● INSTRUCTIONS FOR THE TASK: Only the lines below from the one with "The watermark will" through the one with "מדבקות שם מעוצבות" are to be written out, exactly and without any images.

● SUPPLIED RECORDS:
----

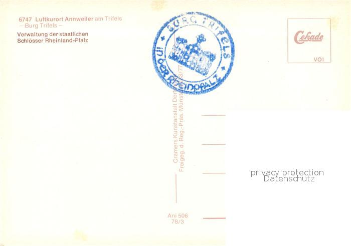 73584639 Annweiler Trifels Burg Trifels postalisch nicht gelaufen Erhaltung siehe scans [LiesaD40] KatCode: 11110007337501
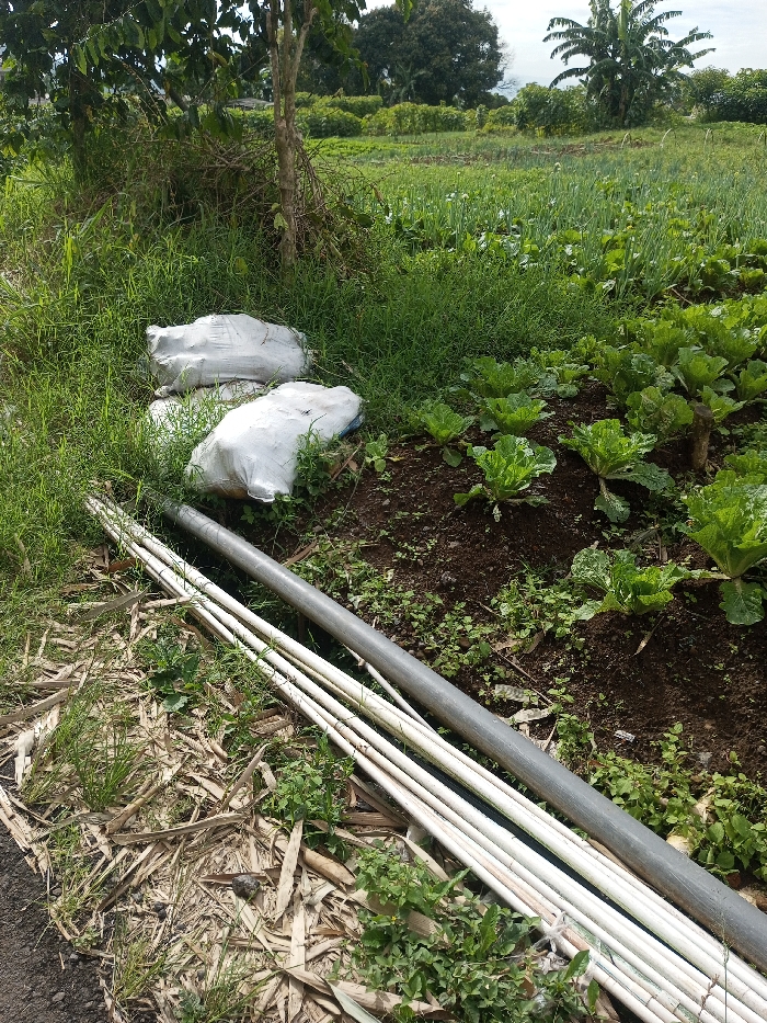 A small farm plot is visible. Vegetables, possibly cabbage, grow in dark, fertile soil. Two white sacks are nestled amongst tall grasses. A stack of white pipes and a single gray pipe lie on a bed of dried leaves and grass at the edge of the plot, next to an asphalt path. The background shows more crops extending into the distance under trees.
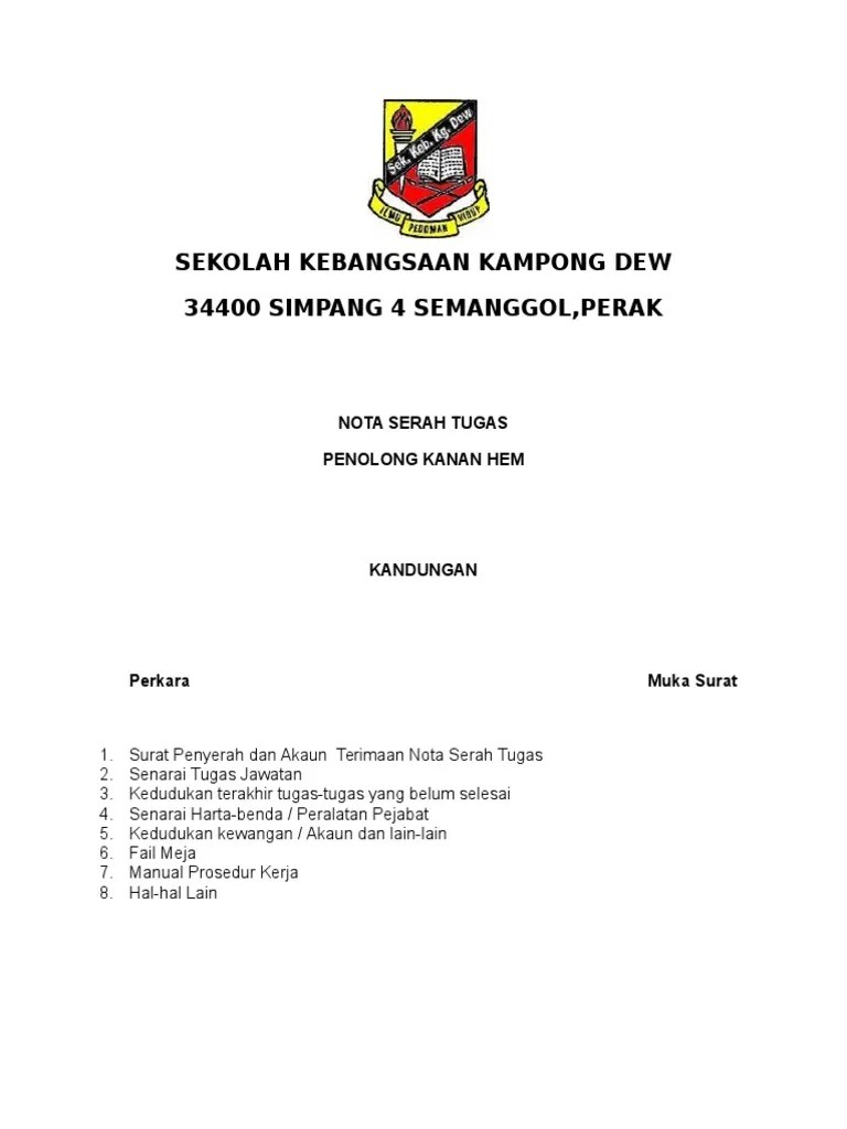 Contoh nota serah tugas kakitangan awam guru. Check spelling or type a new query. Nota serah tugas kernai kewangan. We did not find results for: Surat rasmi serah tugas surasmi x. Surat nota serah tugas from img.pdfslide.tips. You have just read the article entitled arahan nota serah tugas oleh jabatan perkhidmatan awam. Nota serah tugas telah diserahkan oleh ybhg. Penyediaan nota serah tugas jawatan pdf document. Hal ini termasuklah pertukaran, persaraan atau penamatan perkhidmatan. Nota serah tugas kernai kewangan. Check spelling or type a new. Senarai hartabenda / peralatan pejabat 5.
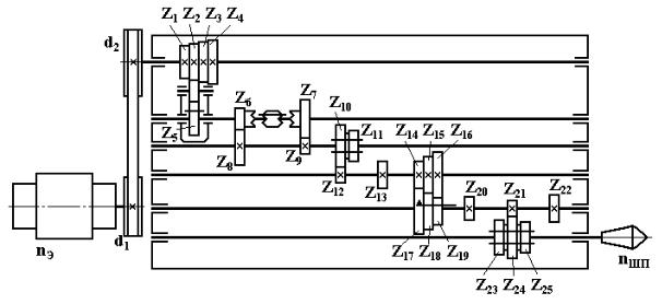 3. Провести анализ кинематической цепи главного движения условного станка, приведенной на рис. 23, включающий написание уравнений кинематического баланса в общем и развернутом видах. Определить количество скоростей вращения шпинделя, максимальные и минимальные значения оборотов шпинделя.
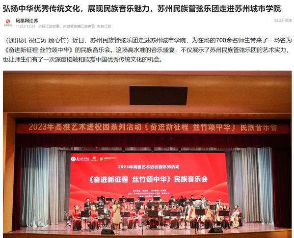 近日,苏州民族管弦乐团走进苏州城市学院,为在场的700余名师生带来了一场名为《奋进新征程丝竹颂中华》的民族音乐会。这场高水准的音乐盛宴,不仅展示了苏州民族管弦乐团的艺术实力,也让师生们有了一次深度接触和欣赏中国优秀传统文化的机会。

----

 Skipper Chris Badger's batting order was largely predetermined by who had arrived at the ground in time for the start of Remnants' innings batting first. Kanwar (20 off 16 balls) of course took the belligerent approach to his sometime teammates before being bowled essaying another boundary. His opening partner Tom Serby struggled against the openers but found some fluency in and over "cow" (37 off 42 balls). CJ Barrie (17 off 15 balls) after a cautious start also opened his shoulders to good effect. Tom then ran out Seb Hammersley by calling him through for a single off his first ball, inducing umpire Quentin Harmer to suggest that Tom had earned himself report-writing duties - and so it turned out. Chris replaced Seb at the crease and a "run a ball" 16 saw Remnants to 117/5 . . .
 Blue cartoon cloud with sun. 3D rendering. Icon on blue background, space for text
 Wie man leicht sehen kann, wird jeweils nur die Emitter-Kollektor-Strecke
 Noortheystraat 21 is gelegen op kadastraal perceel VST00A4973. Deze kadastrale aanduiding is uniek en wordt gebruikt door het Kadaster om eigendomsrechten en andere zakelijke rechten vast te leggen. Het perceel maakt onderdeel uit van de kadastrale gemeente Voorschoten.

----

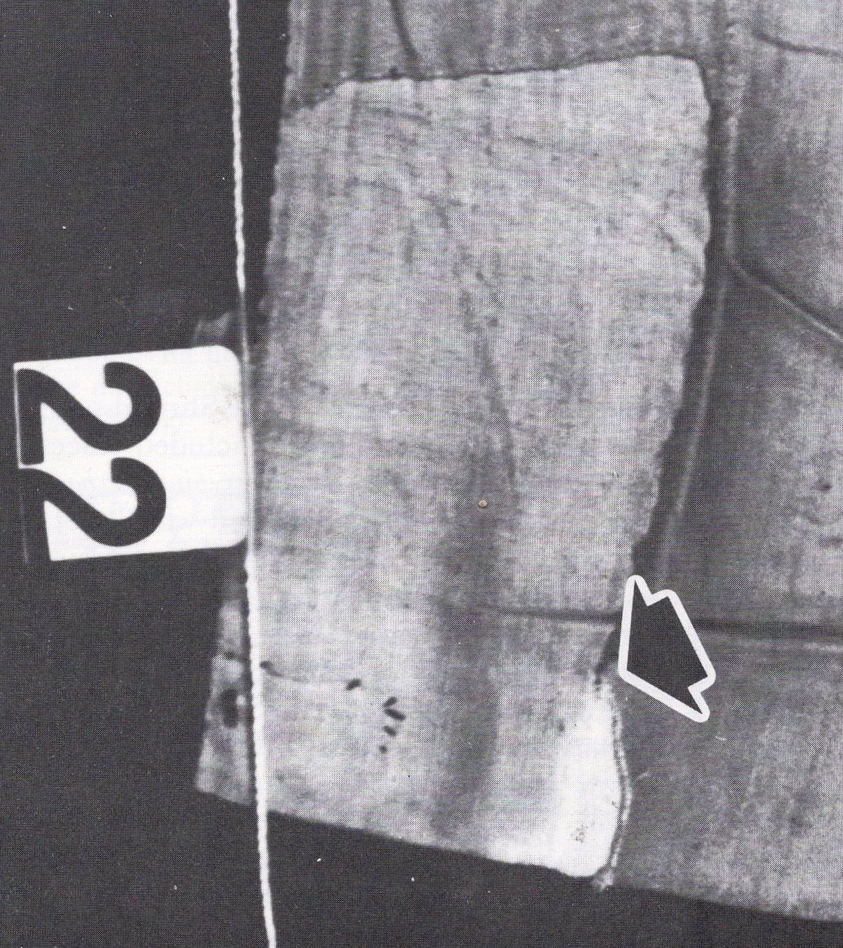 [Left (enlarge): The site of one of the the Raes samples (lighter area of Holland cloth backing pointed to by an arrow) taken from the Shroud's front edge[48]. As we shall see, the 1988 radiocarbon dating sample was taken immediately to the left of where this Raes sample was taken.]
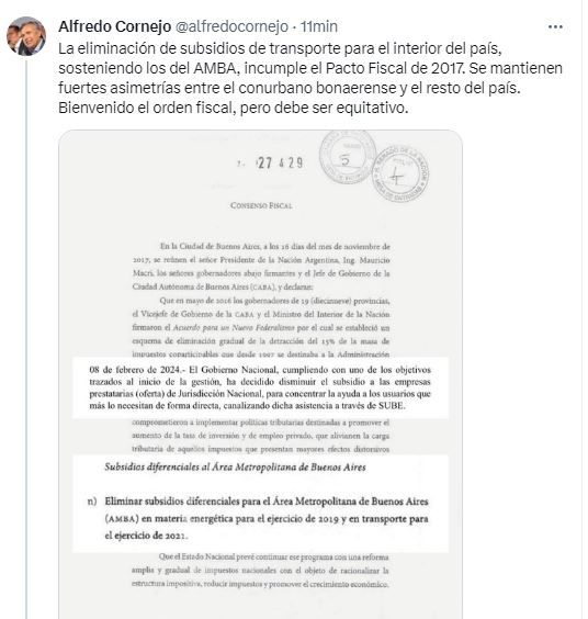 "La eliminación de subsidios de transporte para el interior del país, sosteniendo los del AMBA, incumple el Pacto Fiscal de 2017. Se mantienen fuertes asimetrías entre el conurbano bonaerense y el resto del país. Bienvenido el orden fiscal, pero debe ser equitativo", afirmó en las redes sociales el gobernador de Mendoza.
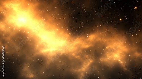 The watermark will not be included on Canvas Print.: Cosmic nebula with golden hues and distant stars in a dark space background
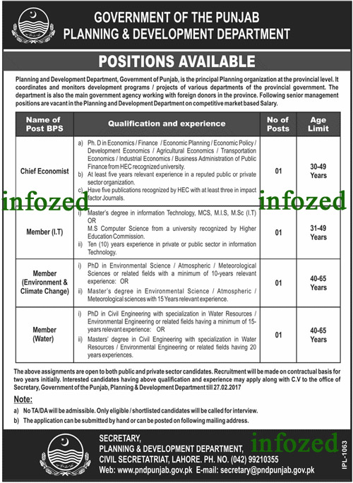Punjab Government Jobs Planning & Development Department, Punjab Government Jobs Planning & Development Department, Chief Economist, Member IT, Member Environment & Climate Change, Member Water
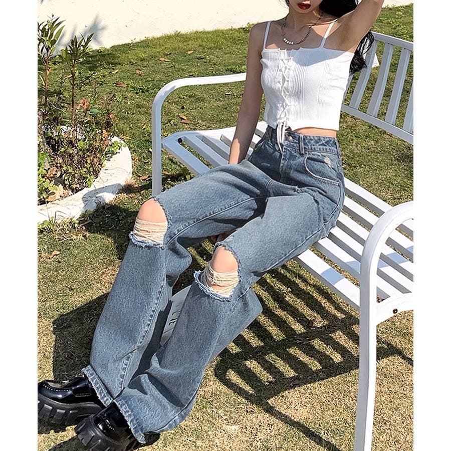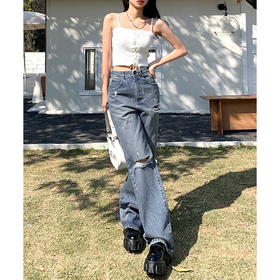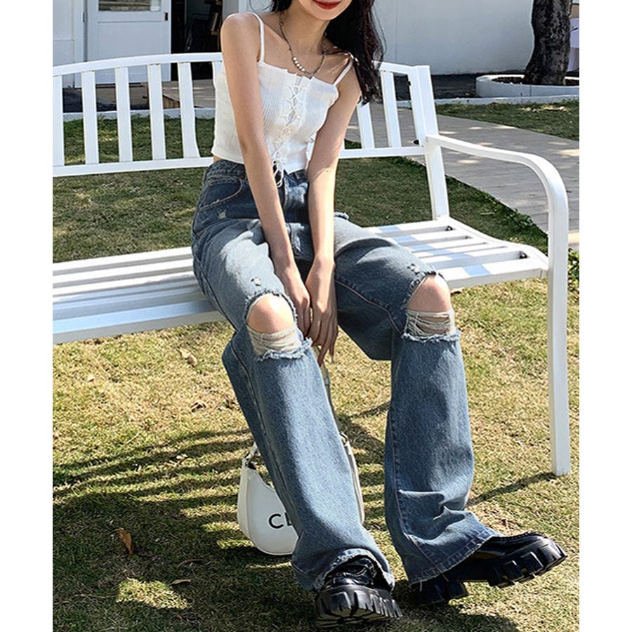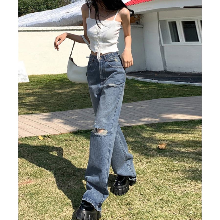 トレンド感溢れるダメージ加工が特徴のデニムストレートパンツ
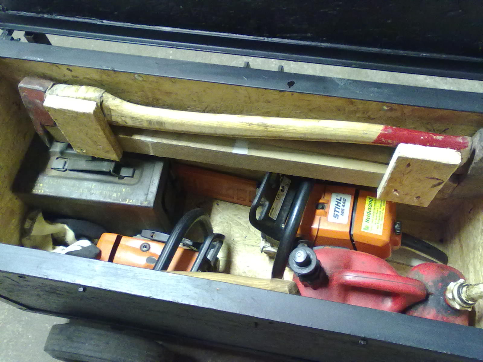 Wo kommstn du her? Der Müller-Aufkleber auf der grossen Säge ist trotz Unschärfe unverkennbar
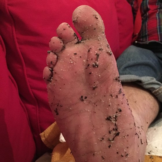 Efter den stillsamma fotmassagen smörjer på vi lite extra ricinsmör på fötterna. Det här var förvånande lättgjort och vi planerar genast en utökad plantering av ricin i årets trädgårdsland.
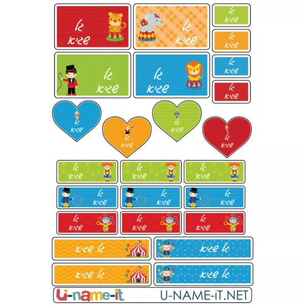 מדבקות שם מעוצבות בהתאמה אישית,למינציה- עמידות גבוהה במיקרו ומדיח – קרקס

----

● YOUR RESPONSE:
 The watermark will not be included on Canvas Print.: Cosmic nebula with golden hues and distant stars in a dark space background
Punjab Government Jobs Planning & Development Department, Punjab Government Jobs Planning & Development Department, Chief Economist, Member IT, Member Environment & Climate Change, Member Water
 トレンド感溢れるダメージ加工が特徴のデニムストレートパンツ
 Wo kommstn du her? Der Müller-Aufkleber auf der grossen Säge ist trotz Unschärfe unverkennbar
 Efter den stillsamma fotmassagen smörjer på vi lite extra ricinsmör på fötterna. Det här var förvånande lättgjort och vi planerar genast en utökad plantering av ricin i årets trädgårdsland.
 מדבקות שם מעוצבות בהתאמה אישית,למינציה- עמידות גבוהה במיקרו ומדיח – קרקס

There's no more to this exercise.